# really fine hair algae... grrrrrrrrrrrr



## Jason Baliban (Mar 3, 2005)

You need to make sure you CO2 levels are at 30ppm and constant. Another alternative is to lower the amount of light you have. Assuming that your CO2 is not stable.........with that amount of light, I dont think any critter is going to keep you completely clean.
jB


----------



## Wö£fëñxXx (Dec 2, 2003)

C02 content is low, you can help by adding sodium bicarb/baking soda to increase kh to 3 or 4.
Also would not hurt to increase you're P04 to around 1ppm.

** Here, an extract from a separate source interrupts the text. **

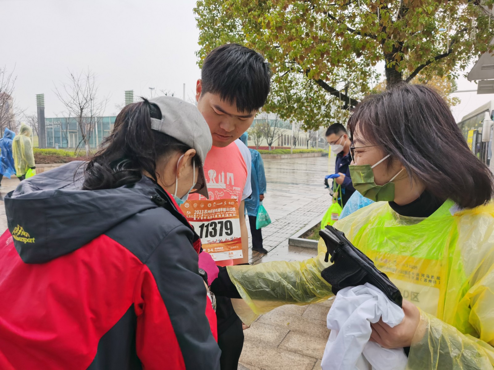 3月12日凌晨4:30,天空飄雨、大風(fēng)凜冽,溫度低至5℃,“伊心向陽(yáng)”蘇州伊利志愿服務(wù)隊(duì)早早來(lái)到工作區(qū)嚴(yán)陣以待。在選手存包時(shí),志愿者認(rèn)真核對(duì)信息、協(xié)助補(bǔ)充缺失信息、蓋章、計(jì)數(shù)、傳遞、按序擺放,整套動(dòng)作一氣呵成,堪稱專業(yè);隨后,幫助參賽選手穿雨衣,并為他們加油助威;取包時(shí)又提前引領(lǐng),高效維持取包秩序,用飽滿的熱情、優(yōu)質(zhì)的服務(wù)圓滿完成近400個(gè)包的存取工作。“伊心向陽(yáng)”蘇州伊利志愿服務(wù)隊(duì)的工作成效不僅得到了組委會(huì)、民企黨委的高度認(rèn)可,還收獲了參賽選手的贊許。一名選手表示,今年的存取包速度創(chuàng)往年之最,遠(yuǎn)遠(yuǎn)得就被志愿者熱情地招呼到指定地點(diǎn),節(jié)省了很多準(zhǔn)備時(shí)間,讓我們能更輕松暢快地奔赴“戰(zhàn)場(chǎng)”。

Try the sodium and see where that put's you're kh, then test ph/kh/C02 against the chart to see where you stand.
http://www.sfbaaps.com/reference/table_01.shtml


----------



## Wasserpest (Jun 12, 2003)

American Flag Fish is said to be a good hair algae eater, also a bunch of Amano shrimps might help in keeping it down.


----------



## Pescado Guy (Nov 26, 2004)

Thanks everyone!! Ok so i replaced my DIY co2 and used a pH buffer to lower to 6.0 (a little faster than i wanted to but everything seems to be ok). I now have a kH of 1dkh and with the extra co2 im reading 30 ppm. Ill keep it up this way and see what happens. I also realized that i have been dosing phosphate into the tank at 1/10 what i thought. This means that before i had basically no phosphate. Now i got around 1 mg/l so and i know that thats is much better. Thanks for the help you guys and i hope to see some improvements soon. Any more info would still be helpful.

Kevin


----------



## Jason Baliban (Mar 3, 2005)

You will want to bring your KH up to at least 3 for PH stability. You should not use anything to change your PH. To measure the amount of CO2 in a tank you will want to use the PH to KH relation. This can be thrown off by using these PH adjusters. If you want to change your PH, do it by adding CO2.
jB


----------